## Task objective
Your job is to give again, exactly and with no additions, the lines in the records below from the one with "东阿阿胶 健脑补肾口服液 10ml*30支/盒" through the one with "選擇尺寸正確的背包可以有更好", both included. Omit the pictures.

## Material to process
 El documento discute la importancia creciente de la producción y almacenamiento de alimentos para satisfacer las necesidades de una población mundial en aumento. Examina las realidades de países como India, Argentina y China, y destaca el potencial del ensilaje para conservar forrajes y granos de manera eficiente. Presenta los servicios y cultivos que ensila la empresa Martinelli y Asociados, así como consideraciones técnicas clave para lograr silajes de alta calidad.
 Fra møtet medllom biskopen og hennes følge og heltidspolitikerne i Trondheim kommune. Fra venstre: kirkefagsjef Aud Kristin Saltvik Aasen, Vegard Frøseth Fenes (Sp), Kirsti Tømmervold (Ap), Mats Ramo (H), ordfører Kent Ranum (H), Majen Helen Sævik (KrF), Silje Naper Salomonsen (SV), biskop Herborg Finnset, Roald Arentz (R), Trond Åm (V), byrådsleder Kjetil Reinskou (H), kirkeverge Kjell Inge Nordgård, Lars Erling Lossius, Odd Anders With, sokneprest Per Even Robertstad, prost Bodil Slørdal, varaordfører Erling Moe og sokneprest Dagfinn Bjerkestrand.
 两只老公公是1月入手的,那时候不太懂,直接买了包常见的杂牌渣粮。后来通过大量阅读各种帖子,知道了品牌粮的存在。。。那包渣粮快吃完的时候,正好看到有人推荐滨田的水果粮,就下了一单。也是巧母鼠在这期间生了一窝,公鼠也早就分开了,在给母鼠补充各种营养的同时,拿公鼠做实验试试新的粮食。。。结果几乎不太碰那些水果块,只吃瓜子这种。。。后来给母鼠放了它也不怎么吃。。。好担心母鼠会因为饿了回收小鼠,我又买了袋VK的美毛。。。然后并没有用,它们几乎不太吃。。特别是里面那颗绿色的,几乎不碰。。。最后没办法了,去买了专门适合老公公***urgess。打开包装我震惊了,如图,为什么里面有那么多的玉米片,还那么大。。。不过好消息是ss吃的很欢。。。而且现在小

* * *

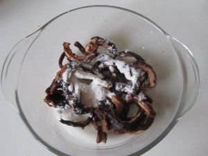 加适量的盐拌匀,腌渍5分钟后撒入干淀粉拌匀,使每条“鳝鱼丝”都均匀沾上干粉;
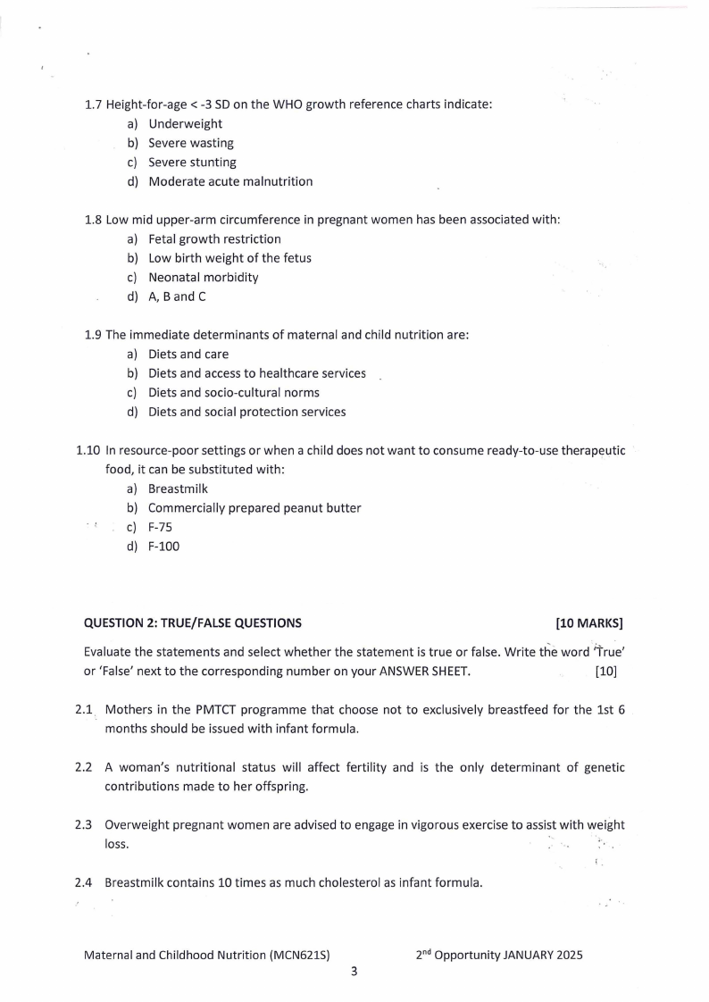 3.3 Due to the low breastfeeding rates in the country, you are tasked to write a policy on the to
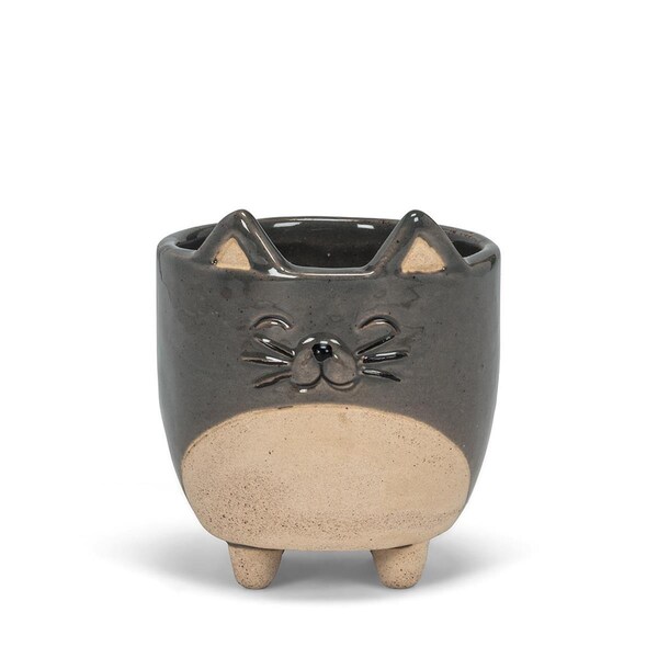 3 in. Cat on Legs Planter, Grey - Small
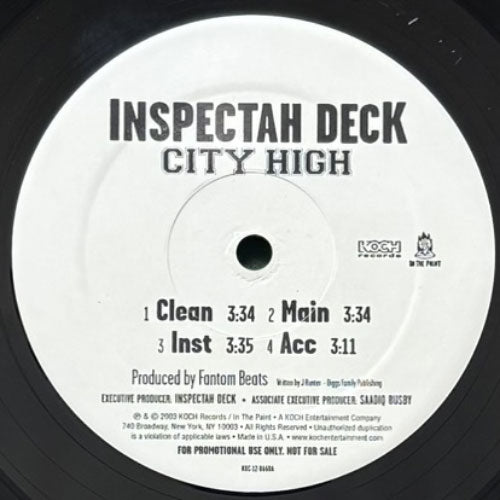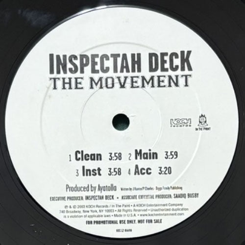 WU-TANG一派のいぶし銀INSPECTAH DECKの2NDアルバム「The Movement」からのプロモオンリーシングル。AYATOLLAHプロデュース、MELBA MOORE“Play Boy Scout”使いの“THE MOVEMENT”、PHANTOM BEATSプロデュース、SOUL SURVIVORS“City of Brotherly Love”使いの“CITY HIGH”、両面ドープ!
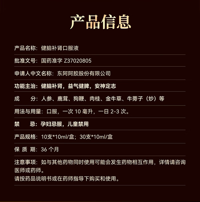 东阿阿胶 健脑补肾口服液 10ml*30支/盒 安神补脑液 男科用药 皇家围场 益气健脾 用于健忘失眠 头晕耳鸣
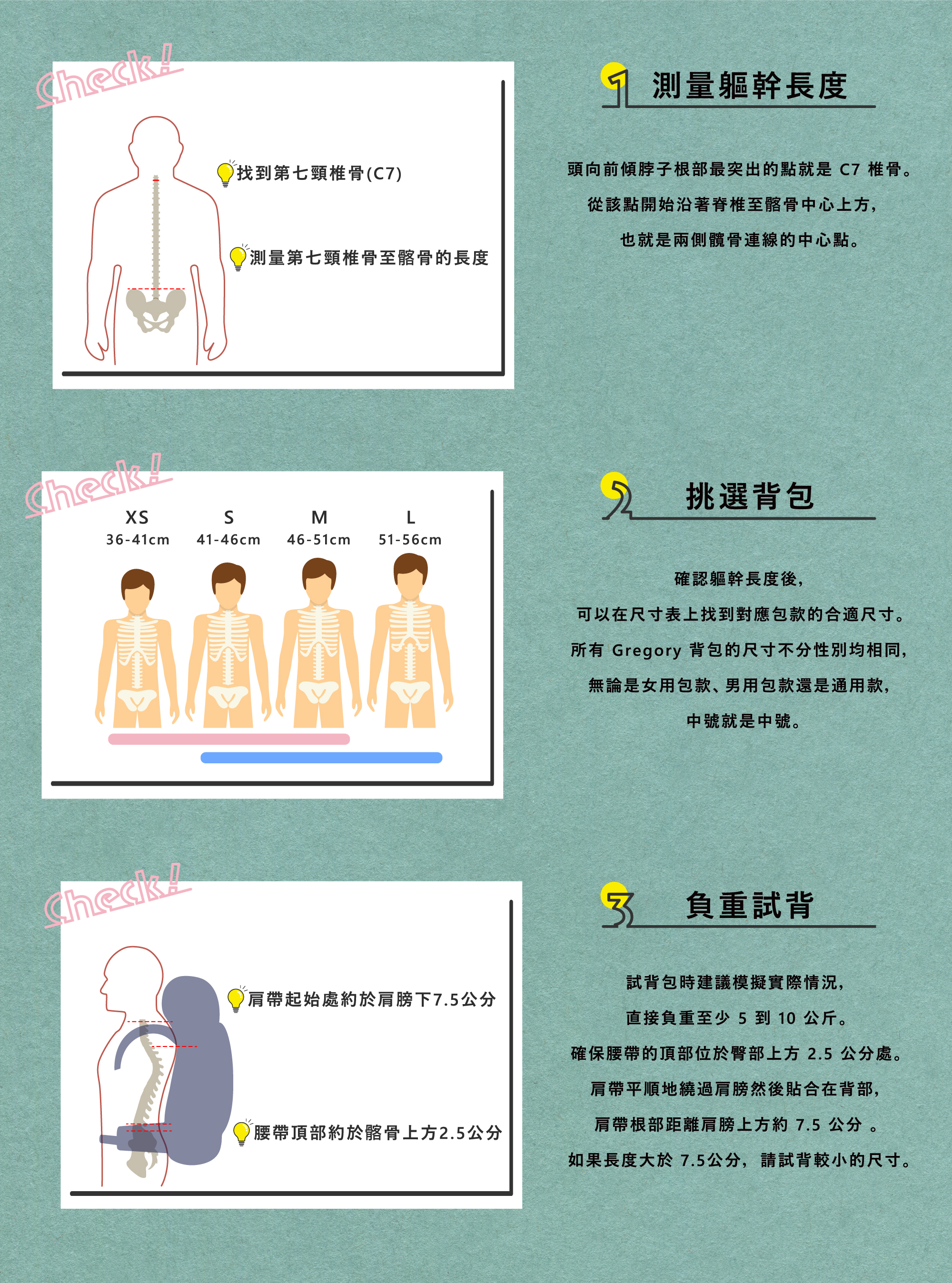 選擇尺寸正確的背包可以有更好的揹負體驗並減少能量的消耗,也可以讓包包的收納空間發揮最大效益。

* * *

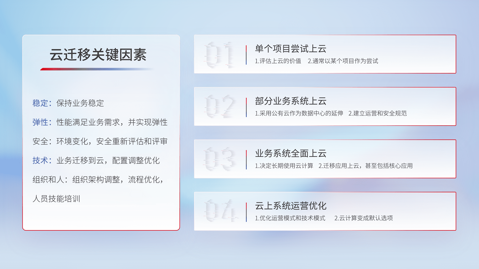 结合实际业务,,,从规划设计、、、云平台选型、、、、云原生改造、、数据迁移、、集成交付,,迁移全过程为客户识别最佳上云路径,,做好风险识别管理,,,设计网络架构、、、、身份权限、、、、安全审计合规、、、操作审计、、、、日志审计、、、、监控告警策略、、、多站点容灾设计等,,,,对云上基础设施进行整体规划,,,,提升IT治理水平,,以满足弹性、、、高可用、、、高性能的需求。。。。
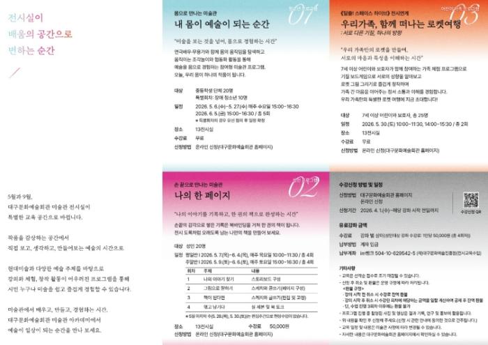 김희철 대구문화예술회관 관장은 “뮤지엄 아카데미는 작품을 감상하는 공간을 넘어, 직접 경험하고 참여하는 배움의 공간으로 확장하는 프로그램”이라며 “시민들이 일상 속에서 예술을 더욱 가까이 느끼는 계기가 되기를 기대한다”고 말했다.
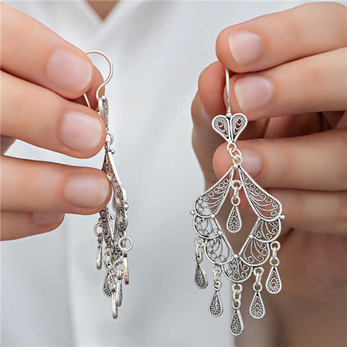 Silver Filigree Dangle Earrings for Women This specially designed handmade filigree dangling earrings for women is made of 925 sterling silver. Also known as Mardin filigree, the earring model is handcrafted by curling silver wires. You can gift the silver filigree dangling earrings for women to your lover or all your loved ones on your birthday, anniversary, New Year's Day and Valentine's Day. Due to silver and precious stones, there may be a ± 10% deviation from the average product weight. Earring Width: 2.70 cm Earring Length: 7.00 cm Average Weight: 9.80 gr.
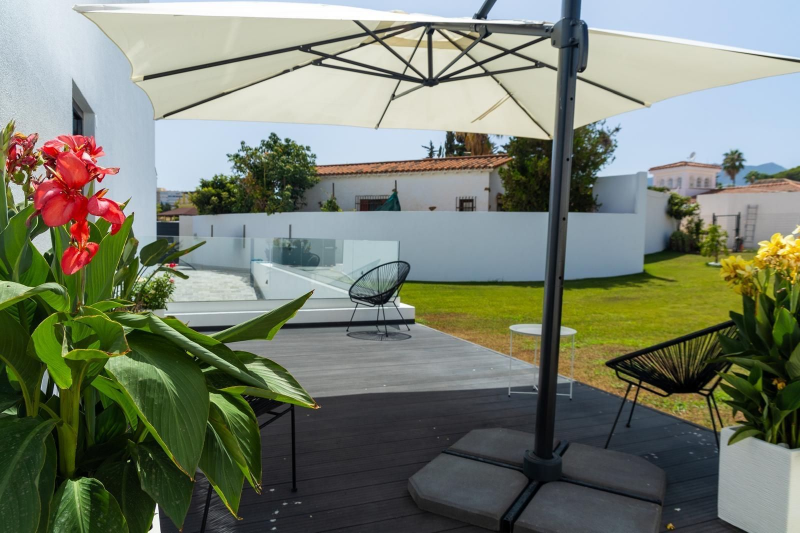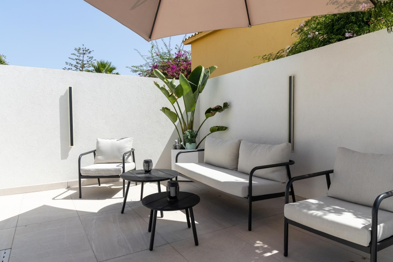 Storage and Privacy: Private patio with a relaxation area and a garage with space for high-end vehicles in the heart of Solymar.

## Result of this exercise
 东阿阿胶 健脑补肾口服液 10ml*30支/盒 安神补脑液 男科用药 皇家围场 益气健脾 用于健忘失眠 头晕耳鸣
 選擇尺寸正確的背包可以有更好的揹負體驗並減少能量的消耗,也可以讓包包的收納空間發揮最大效益。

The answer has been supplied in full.